Una sera che come al solito vagavo in cerca di avanzi da mangiare, di colpo ho avuto la percezione di qualcosa di familiare, una sagoma, un odore soprattutto... Non mi pareva vero! Era proprio il mio “padrone” - per usare questo brutto termine che a voi piace tanto -, quello che mi aveva abbandonato qualche anno prima senza tanti scrupoli. Non sembrava più lui ma, si sa, quanto a olfatto noi cani non ci batte nessuno ed io, Argo dei nostri giorni che ritrova il suo Ulisse, ho riconosciuto con assoluta certezza il suo odore.
Mi sono fermato a guardarlo: era diventato un senzatetto, faceva davvero pena, perfino a me che pure avrei avuto motivo di rallegrarmi che la stessa sorte fosse toccata anche a lui. Ma, ve l’ho detto, io ho conservato il cuore. E così mi sono avvicinato un po’ e a stento sono riuscito a tenere ferma la coda (in noi cani la coda è strettamente collegata al cuore). «Che c’è? Che vuoi? Che hai da guardare, stupido cane?». Questo mi ha detto. Evidentemente anche lui ha conservato il cuore, il suo. E non mi ha riconosciuto ma, certo, il fiuto non è il vostro forte!
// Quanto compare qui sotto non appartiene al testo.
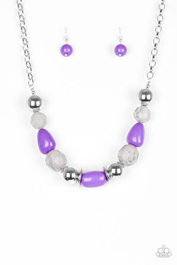 Dramatic silver, vivacious purple, and faceted cloudy beads are threaded along an invisible wire below the collar for a seasonal look. Features an adjustable clasp closure.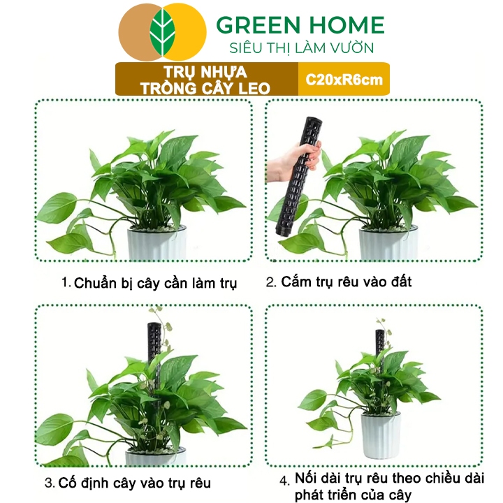 5 Trụ Nhựa Trồng Cây Greenhome, D20xr6cm, Nhựa Cứng, Có Khớp Dễ Nối Dài, Chuyên Hệ Cây Leo, Kiểng Lá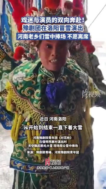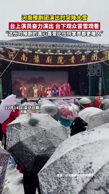 河南豫劇團演出時突降大雪,臺上演員奮力演出,臺下觀眾冒雪觀看。“這份對豫劇的真心喜愛比任何掌聲都更暖人”
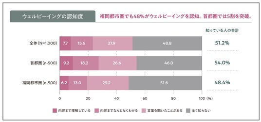 ウェルビーイングの認知(「内容まで理解している」「内容までなんとなくわかる」「言葉を聞いたことがある」の合計)は、回答者全体の5割を超え、51.2%となりました。首都圏では54.0%に達し、福岡都市圏の48.4%を上回りました。ただし、福岡市内では53.6%で、首都圏とほぼ同等の水準です。一方、ウェルビーイングを「内容まで理解している」人は全体の7.7%にとどまり、深い理解はまだ限定的です。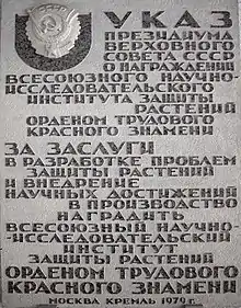 - 1979 — Всесоюзный ордена Трудового Красного Знамени научно-исследовательский институт защиты растений,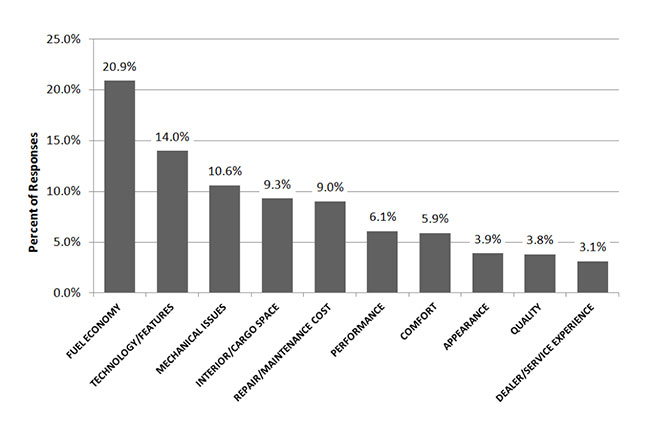 Mechanical issues came in third with 10.6%, and interior/ cargo space came in fourth with 9.3%. Other concerns include repair/ maintenance (9%), performance (6.1%), comfort (5.9%), appearance (3.9%), quality (3.8%), and dealer/ service experience (3.1%).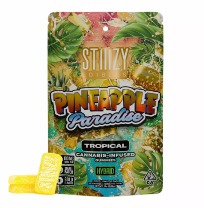 100MG GUMMIES - PINEAPPLE PARADISE - HYBRID · Taste: Tropical, Pineapple, Citrus · Feeling: Relaxed, Happy, Euphoric · Description: Paradise has been found with this relaxing and euphoric treat! This hybrid-dominant gummy gives your taste buds a tropical mix of pineapple and citrus. Introducing our new line of Stiiizy edibles. Your favorite live resin infused gummies are formulated with fast-acting nanotechnology in 10 mg pieces. Enjoy the blend of both delicious and mouth watering flavors in every bite. - 100MG Total THC - 10MG Per Piece - Segmented into Ten 10MG Servings - Fast-acting Nano-molecular Enhanced - Made with Live Resin Gummies Citrus Euphoric Happy Hybrid Pineapple Relaxed THC Tropical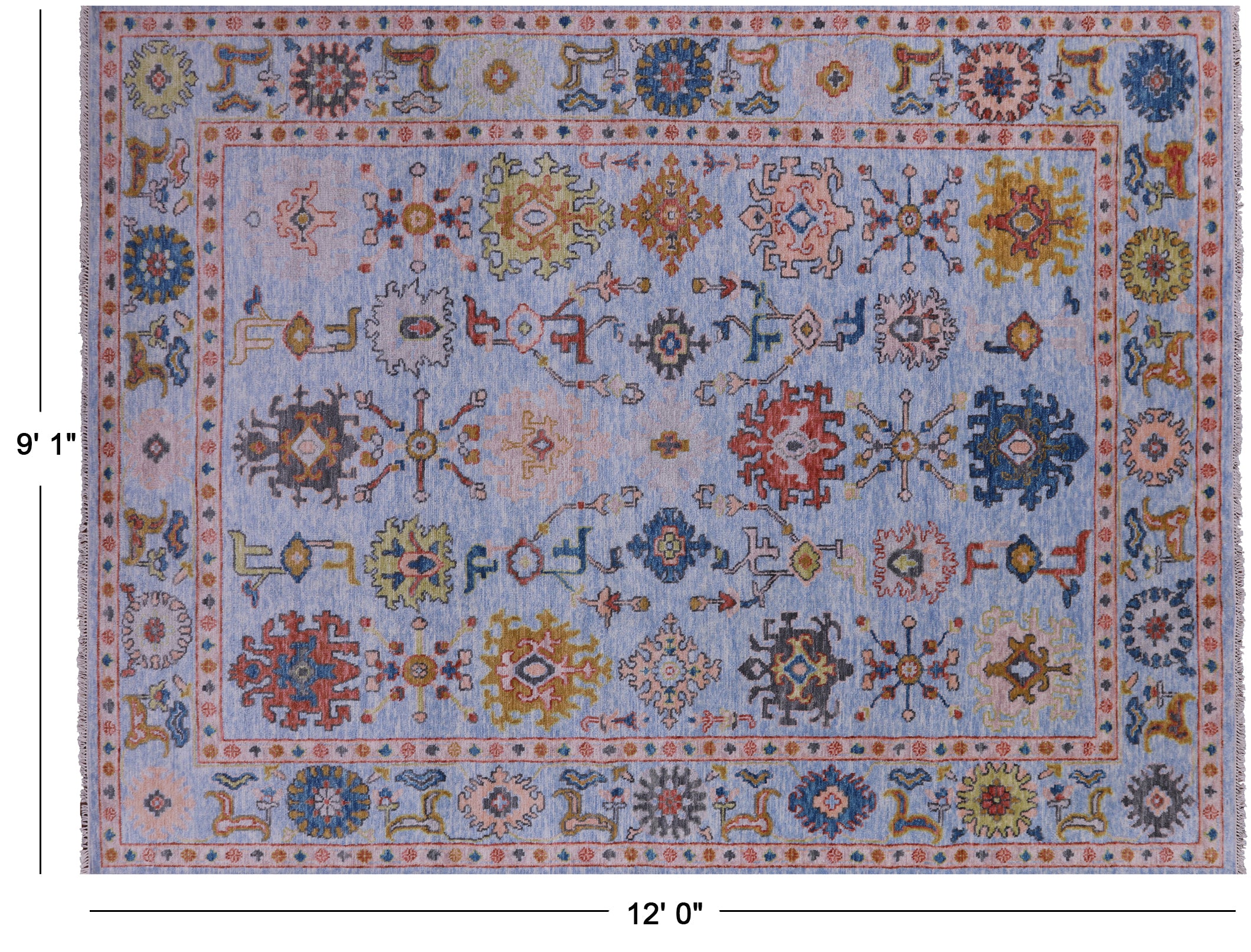 Blue Hand-Knotted Turkish Angora Oushak Wool Rug 9' 1" X 12' 0" - Q9151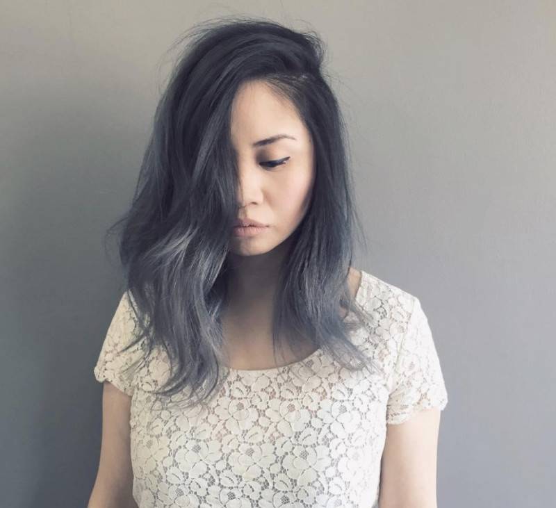 Модный вариант пепельного окрашивания на темные волосы – мраморная техника. Это довольно сложный в применении на практике способ, поэтому подобную процедуру предлагают только в салонах и только лишь опытные мастера. Необычный подход предполагает отбор отдельных прядей для неравномерного осветления. Волосы для обработки выбирают в хаотичном порядке, а локоны по длине прокрашивают неравномерно.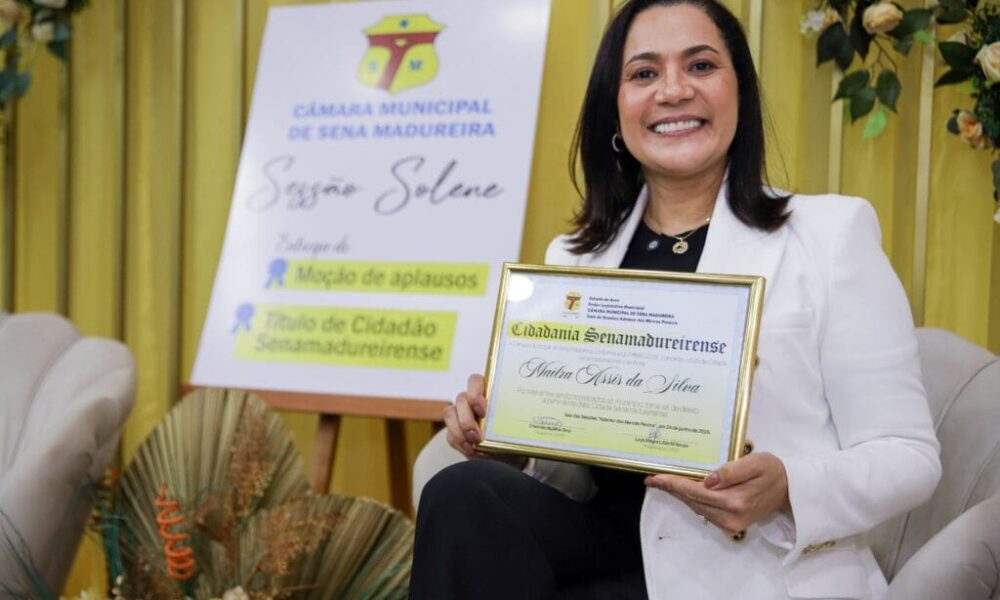 “Honrada, recebo esse título da Câmara Municipal com dois sentimentos. Primeiro, de reconhecimento ao trabalho que desenvolvi aqui em Sena Madureira quando fui senadora da República. E segundo, de compromisso de seguir trabalhando para essa cidade tão especial, agora no Executivo acreano. Muito obrigada. Nunca me esquecerei deste dia”, declarou emocionada a vice-governadora do Acre, Mailza Assis, na noite desta terça-feira, 24, ao receber o Título de Cidadã Senamadureirense.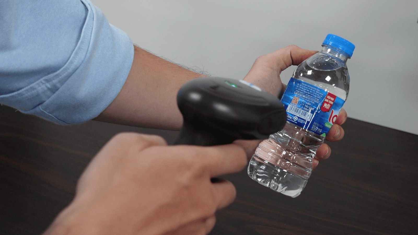- Hướng tia laser của máy quét vào mã vạch trên sản phẩm.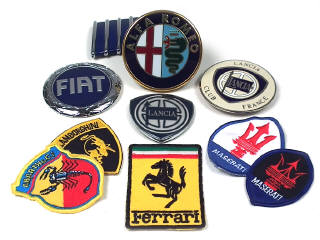 DIVERS (ITALIE) Ensemble de 5 sigles de carrosserie & 5 écussons brodés de constructeurs automobiles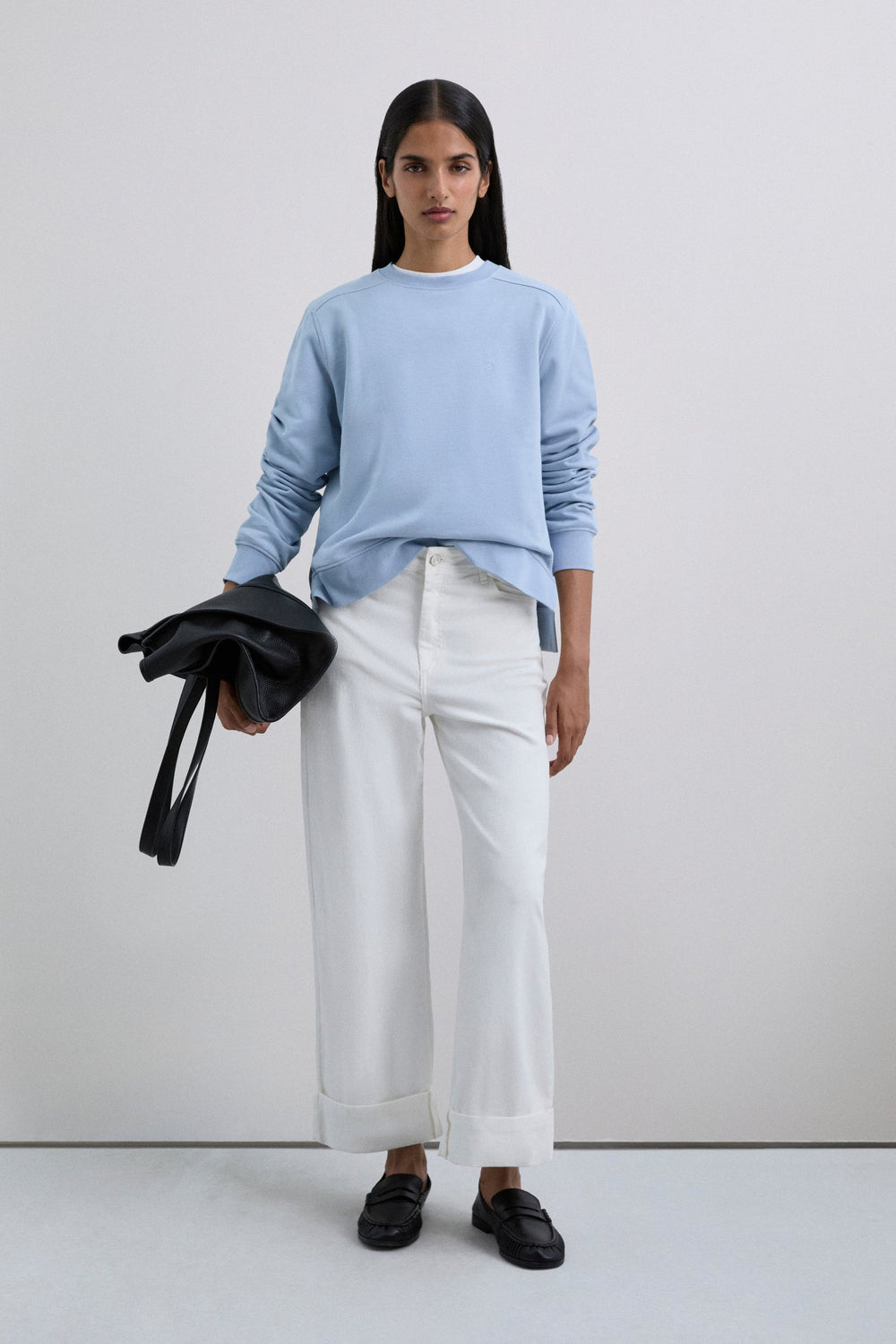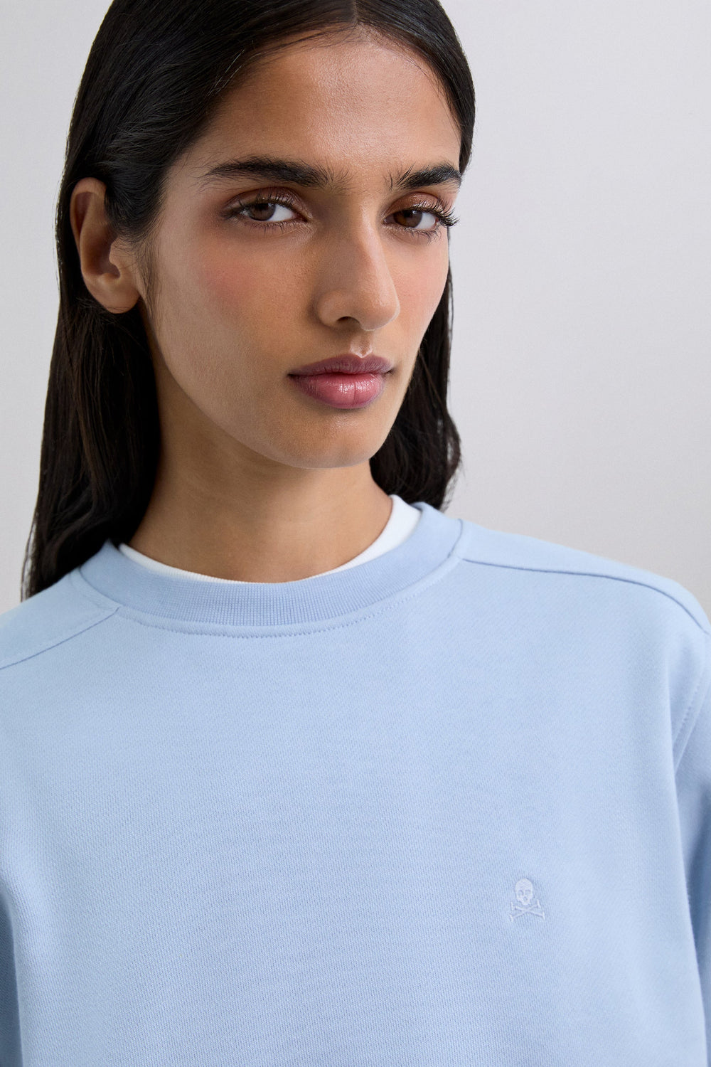 Sweatshirt made of 100% organic cotton. Regular fit, round neck and long sleeves with ribbed cuffs. Asymmetric hem, longer back. Embroidered skull detail on the chest.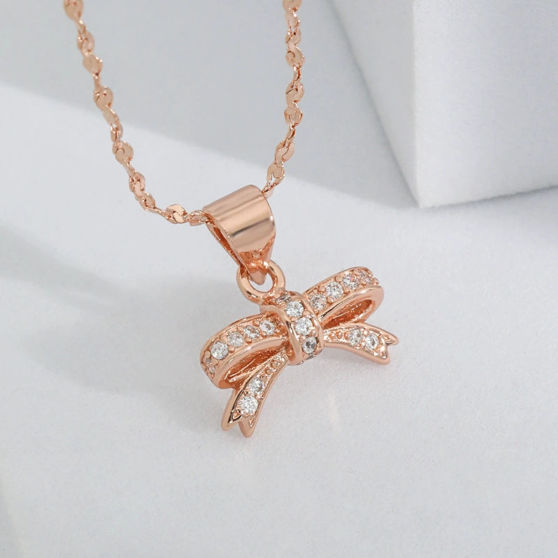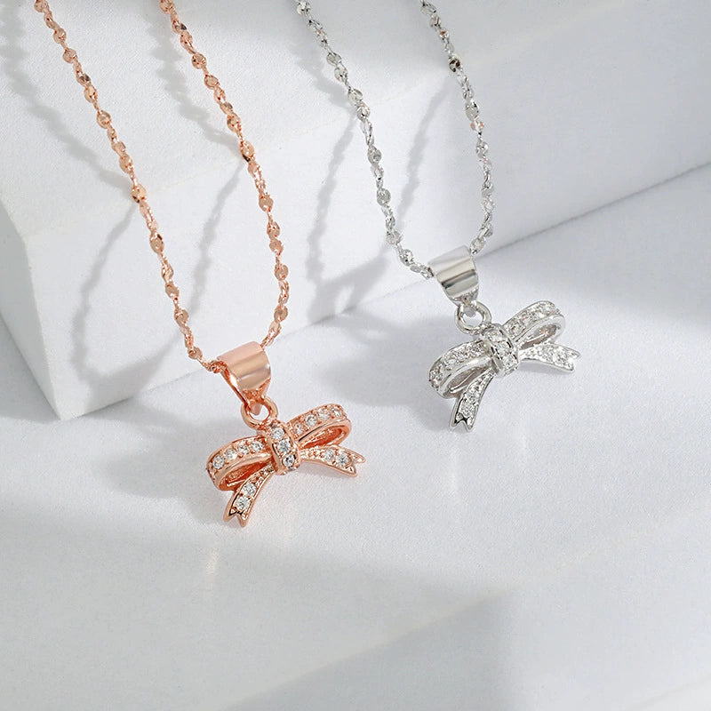 Dette elegante sløyfekjedet kombinerer de varme metalltonene Sølv og rosegull, og gir en tidløs og feminin stil. Designet som en delikat sløyfe, tilfører det en søt og sofistikert touch til ethvert antrekk. Perfekt for spesielle anledninger eller som et vakkert aksentstykke i hverdagen.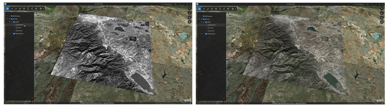 ArcGIS Earth continues to add new data types for users to access, and in this latest release, ArcGIS Earth will also consume the popular MrSID file format developed by LizardTech for raster file types, such as orthophotos. The ability to adjust the appearance is integrated into the MrSID format.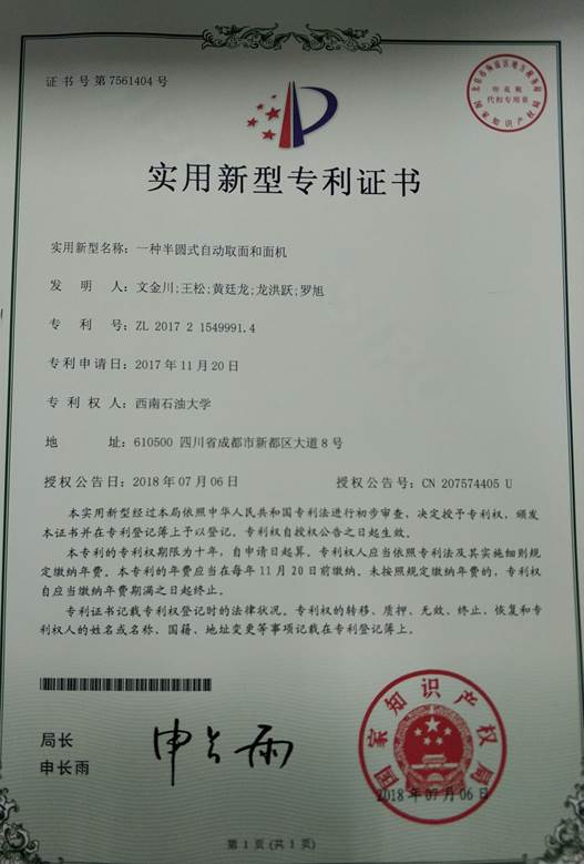 03序號支撐:一種半圓式自動取面和面機(ZL201721549991.4)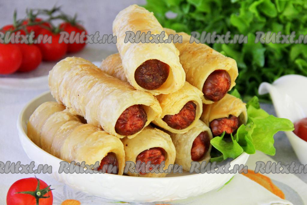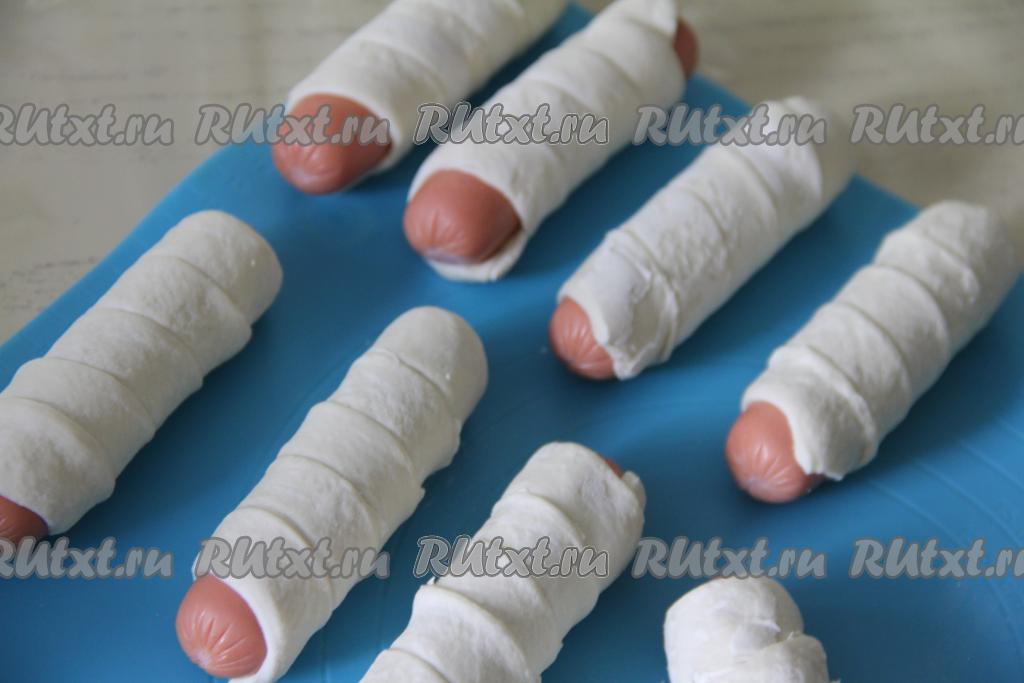 Каждую сосиску завернуть в полоску из слоёного теста, накладывая тесто внахлёст и слегка растягивая полоску из теста во время оборачивания. Конец полоски теста хорошо закрепить.

Razionalmente avrei voluto andarmene e lasciarlo lì, da solo, ma la coda ha agito autonomamente e mi ha tradito! Allora gli è venuto un sospetto... un ricordo gli è riemerso da chissà quale profondità e ha capito che ero io. Mi ha accarezzato ed è scoppiato in un pianto disperato. Io guaivo e la mia coda era impazzita. Ci eravamo capiti e forse perdonati. E così siamo ridiventati una famiglia. Sì, certo, siamo solo io e lui, la sua ex moglie e la bambina fanno la loro vita e non hanno con noi alcun contatto. Siamo entrambi randagi e certo non è una bella vita, ma almeno siamo insieme. Qualche volta perfino mi accarezza (non è mai stato particolarmente espansivo). Io gli sto accucciato accanto e difendo sia lui che quelle poche cose di cui adesso è “padrone”.
Lo so che voi umani pensate che noi cani non vi capiamo quando parlate, che cogliamo solo il tono della voce... No! Tutte stupidaggini! Vi spiego io come stanno le cose: noi capiamo tutto alla perfezione! È per questo che so cosa gli è successo: lui mi parla, così, tanto per sfogarsi, pensando che tanto sono solo un cane. Ma così io ho saputo che la sua azienda è entrata in crisi, come anche il suo matrimonio, che a un certo punto ha perso lavoro, casa, famiglia e il passo successivo è stata la strada. Insomma, sarà stata la legge del karma, ma l’abbandono è toccato anche a lui.
A volte vorrei vendicarmi e abbandonarlo a mia volta, ma poi lascio perdere, non sono adatto a questi giochi. Ve l’ho detto: di me ci si può fidare. Sono un cane.